JAKARTA, July 2 (Reuters) – A deadly tunnel collapse at Freeport McMoRan Copper and Gold’s Indonesian mine seven weeks ago should not delay contract talks with the U.S.-based firm, a member of the government negotiating team said, adding that he hoped to strike a deal as soon as possible.

Contract talks between Freeport Indonesia and the government were put on hold after a training area in a tunnel caved in on May 14, killing 28 people at the world’s No.2 copper mine in remote West Papua.

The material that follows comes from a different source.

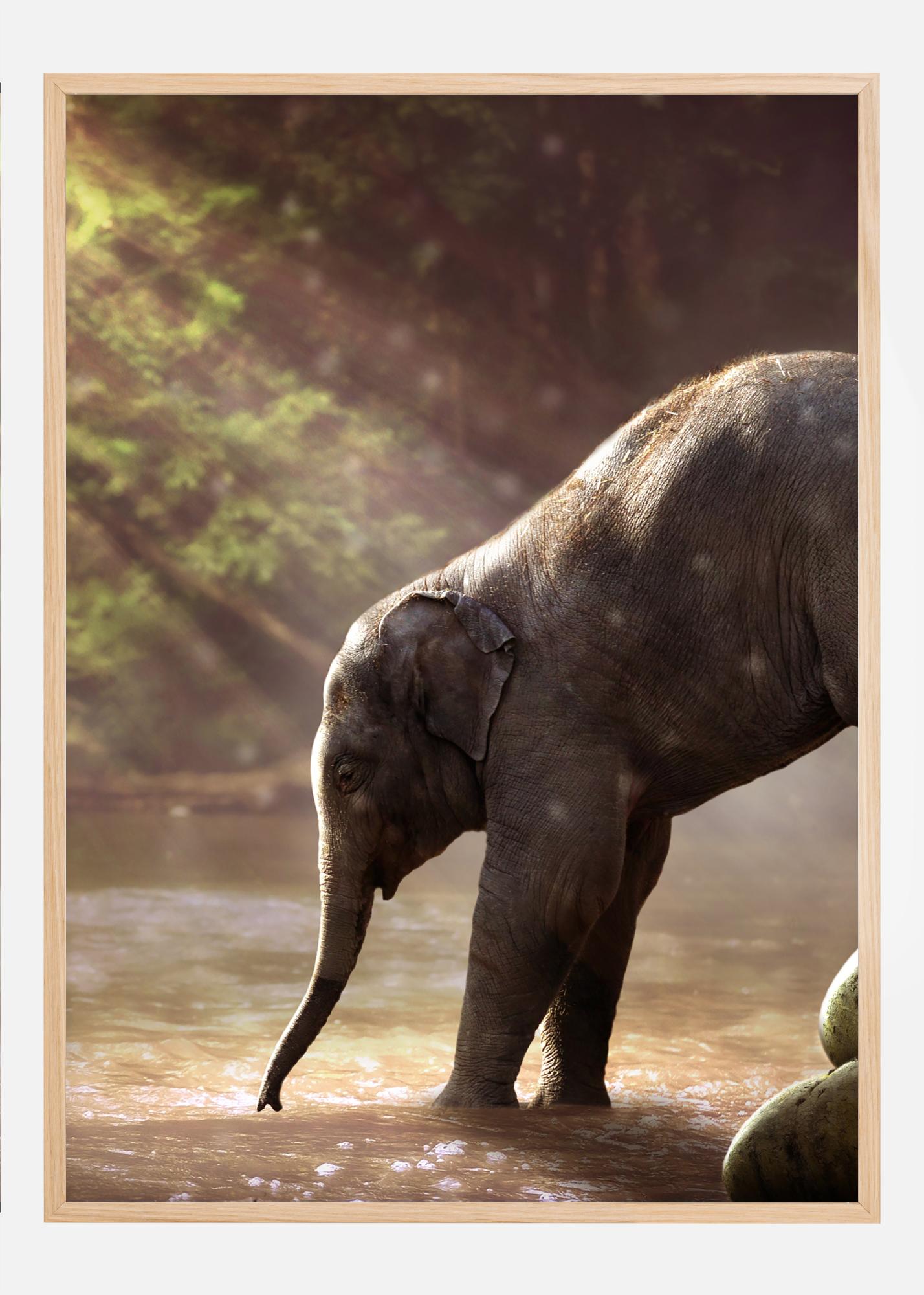 Roztomilá fotografia sloníčaťa, ktoré je povzbudzované svojou mamou, aby zišlo dolu do rieky. Denné svetlo presvitá cez stromy a odráža sa na vode, čo vytvára pocit tepla. Sloníča váha, či vstúpiť do vody, ale mama mu jemne pomáha. Tento roztomilý plagát odráža intenzívnu lásku medzi matkou a dieťaťom.

“It is tragic what happened, but Indonesia needs to be cognizant of where it needs to be going forward as an economic relevance to the world,” Trade Minister Gita Wirjawan told Reuters. “It is important for a conclusion to be reached sooner rather than later because it will reflect upon the desires of both Freeport and the Indonesian government.”

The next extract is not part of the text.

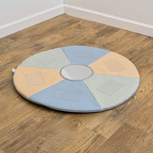 Ignite your baby’s curiosity with the See-Me Picture Mat! Designed to captivate and engage, this mat features 6 vibrant colored panels, each with a clear pocket for inserting pictures of loved ones or cherished objects. The center boasts a flexible mirror, enticing little ones to explore their own reflections. With its stimulating colors and versatile play surface, this mat encourages cognitive development and gross motor play. Covered in easy-to-clean vegan leather, it’s a perfect companion for early learning adventures!

“ASAP,” said Wirjawan, when asked about the ideal time for the talks to be concluded. “I’m hopeful that there will be a meeting of minds between both sides.”

Open-pit mining at Freeport’s Grasberg mine is due to end after 2016, just five years before its current mining contract expires. Freeport estimates it will cost about $15 billion to turn the complex into a vast underground mine, an investment that only makes sense if it has a new contract with the Indonesian government beyond 2021.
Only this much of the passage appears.